I'm trying to write a regex (for JavaScript's regex engine) that I can use to do a find and replace in text for emoji names within colons. Like in Slack or Discord when you type :smiley-face: and it replaces it when you submit the chat. I'm targeting text nodes only so I don't need to worry about other html inside the text.

Is it possible to write a regex that could match all of the following rules? (text highlighted with monospace blocks = regex positive matches)

:any-non-whitespace:
:text1:sample2:
:@(1@#$@SD: :s:
:nospace::inbetween: because there are 2 colons in the middle
:nospace:middle:nospace:

I'm starting with something like this but it's incomplete

/:(?!:)\S+:/gim

I'm trying to think of all the special cases that might possibly occur doing this. Maybe I'm overthinking it.

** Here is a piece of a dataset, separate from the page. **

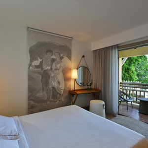 The sea-facing rooms with wide spaces and discreet decor are conducive to long midday naps. From the balcony or terrace catch a glimpse of the blue expanse of the sea.

There's a lot of Twitch emotes involved so I can't use emoji unicode characters. The regex will find matches and replace with tags

回答1:

I suggest using

:[^:\s]*(?:::[^:\s]*)*:

See the regex demo. It is the same pattern as :(?:[^:\s]|::)*:, but a bit more efficient because the (?:..|...)* part is unrolled.

Details

  • : - a colon
  • [^:\s]* - 0+ chars other than : and whitespace
  • (?: - start of a quantified non-capturing group:
    • :: - double colon
    • [^:\s]* - 0+ chars other than : and whitespace
  • )* - end of grouping, repeated 0 or more times (due to the * quantifier)
  • : - a colon.


回答2:

Do you want something like this regex?

(:(?![\n])[()#$@-\w]+:)

Demo,,, in which you can additionally insert unallowed characters into the character class of the (?![\n]) and also additonally insert allowed characters into the character class [()#$@-\w]



回答3:

My first thought was

:(::|[^:\n])+:

It matches a string, at least one character long, including surrounding colons, that consists of either

  • two colons (::), or
  • a character that isn't a colon, nor a line feed.

But that's basically what Wiktor had as a (slower) alternative (comments). But I'll leave it here anyway since it's working, as opposed to the other submitted answers ;)

See it here at regex101.



回答4:

Try this regx

/(^|\s)+:([^\s\n\r])+:|^:[^\s\n\r]+/g